The Images addon downloads images from extracted image URLs and stores them into an Amazon S3 storage. The addon is enabled by updating the IMAGES_STORE setting and defining two item fields:

  • image_urls  with type image, which is used for annotating image URLs in the template. This will be the source field from which the addon will get URLs of the images to be downloaded.
  • images , where the addon will save important information about the stored image, including Amazon S3 path relative to the IMAGES_STORE  setting and the original image URL.

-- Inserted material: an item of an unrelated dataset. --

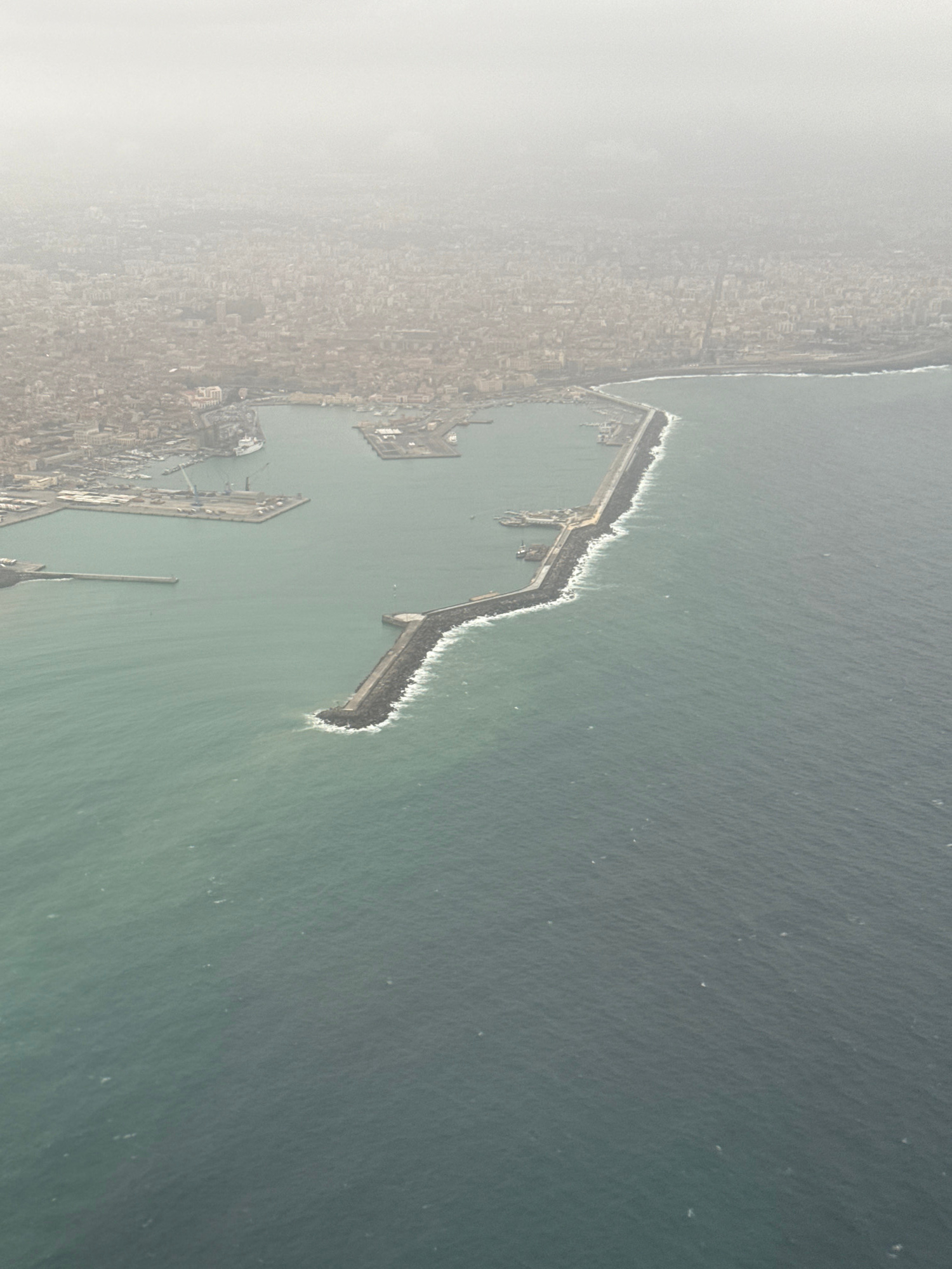 The image shows an aerial view of Catania, Italy. The foreground is dominated by the sea, and the breakwater structure of the port. The breakwater is a segmented, angled wall protecting the harbor fro…read more

Those field names are the default ones, but can be overridden with the settings IMAGES_URLS_FIELD and IMAGES_RESULT_FIELD. The source and target fields defined by these two settings do not need to be different – you can make both be the same. It will ease you from defining an additional field in the item. The addon will just overwrite the data previously extracted with the data it generates (which is a dict already including the origin URL).

Settings:

  • IMAGES_STORE  - provide a complete Amazon S3 base path (in format s3://<bucket name>/<base path>/) where the images should be stored
  • IMAGES_MIN_WIDTH  - images with a smaller width (in pixels) are ignored (default value is 0)
  • IMAGES_MIN_HEIGHT - images with a smaller height (in pixels) are ignored (default value is 0)
  • IMAGES_EXPIRES  - when an image is already in store, update it only when its age is older than the given value in days (default value is 90)
  • IMAGES_URLS_FIELD  - specify the item field from which the addon will read the image URLs to download/store (default value is image_urls)
  • IMAGES_RESULT_FIELD  - specify the item field where the addon will save the stored image information (default value is images)


You will also need to provide the standard AWS_ACCESS_KEY_ID and AWS_SECRET_ACCESS_KEY settings as shown in below screenshot, so the addon will be able to upload the images in your Amazon S3 storage.



For more details refer to Scrapy Images Pipeline, the Images addon is based on it.